15 of 15 people found the following review helpful:
5.0 out of 5 stars
"On that Bombshell......",
By Jack Carter (New York) - See all my reviews
This review is from: Knowing Me, Knowing You with Alan Partridge - The Complete Series (DVD)
The reviewer, whom Virginia Bottomly described as 'that little turd' , has shown his alleged age. This series is ball-bouncingly funny and so successful in skewering the then-and-now trend for allowing no-talents to host their own shows, and fill them with mindless, untalented guests. Alan Partridge is the fore runner to characters such as David Brent in 'The Office', and Larry Saunders in 'the Larry Saunders show (Alan Partridge radio 4 show pre-dates LS by several years, fact fans). This series also sets up what might be the funniest sit-com in British TV - 'I'm Alan Partridge'. As for Marber and Co. Well they helped write it, and appear in the commentary. You little arse - go play with your batmobile.

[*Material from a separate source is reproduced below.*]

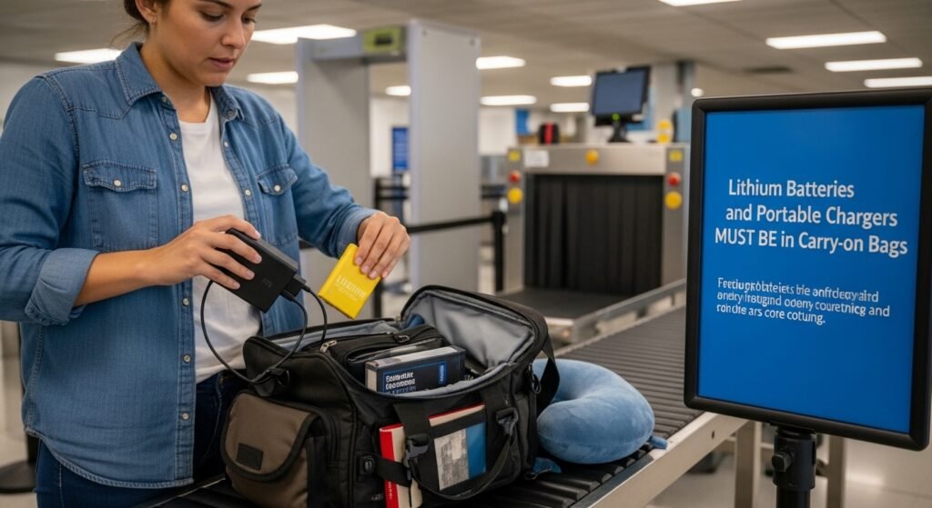 Air travelers must pack their lithium battery packs and portable chargers into their carry-on bags because fire safety regulations prohibit checked baggage delivery. The regulations do not allow checked baggage for these items because they need to remain in carry-on luggage.

14 of 14 people found the following review helpful:
5.0 out of 5 stars
Effing marvellous,
By
This review is from: Knowing Me, Knowing You with Alan Partridge - The Complete Series (DVD)
Partridge is hysterical wherever he appears, and while I agree that KMKY isn't quite up to the hysteria of the later "I'm Alan Partridge", it's still superb. From eating the testicles of a bull to accidentally blowing away a guest with an antique pistol, Alan is constantly out of his depth and completely unaware of it. I've loved this programme since it first came out, I just wish Steve Coogan would revisit the character more often rather than appear in crap Disney movies. Alan Partridge is the man you love to hate, and nobody does it better than Steve Coogan. A-HA!